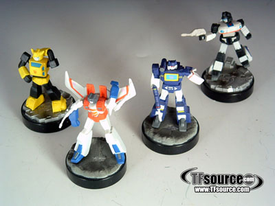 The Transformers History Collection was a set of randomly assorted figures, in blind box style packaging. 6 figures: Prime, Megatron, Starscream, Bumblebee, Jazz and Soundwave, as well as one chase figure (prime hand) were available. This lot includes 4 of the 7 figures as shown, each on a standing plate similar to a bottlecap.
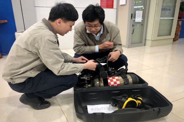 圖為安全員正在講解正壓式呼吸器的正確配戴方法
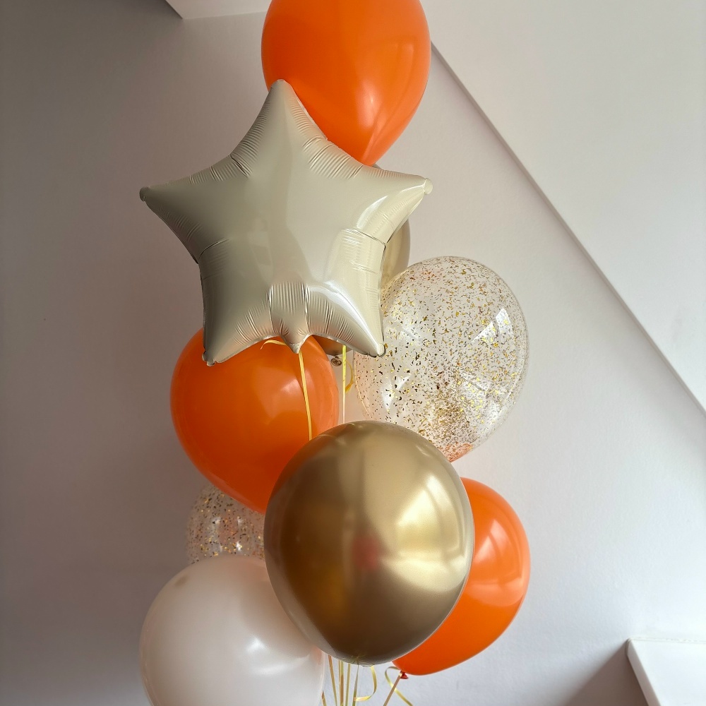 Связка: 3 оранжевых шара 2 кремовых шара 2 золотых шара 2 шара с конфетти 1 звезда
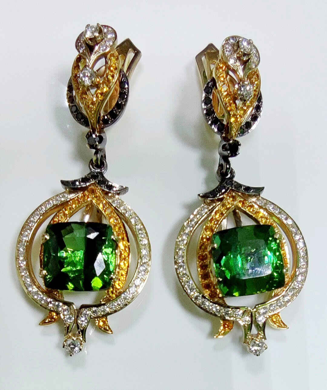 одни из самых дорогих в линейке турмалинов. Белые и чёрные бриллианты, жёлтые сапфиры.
☆ ☆ ☆ ☆
▸ **Try it**:
Reproduce the lines of the listing exactly, starting at the one that contains "Связка: 3 оранжевых" and continuing through the final line, but leave out the pictures.

▸ **Answer for this exercise**:
 Связка: 3 оранжевых шара 2 кремовых шара 2 золотых шара 2 шара с конфетти 1 звезда
 одни из самых дорогих в линейке турмалинов. Белые и чёрные бриллианты, жёлтые сапфиры.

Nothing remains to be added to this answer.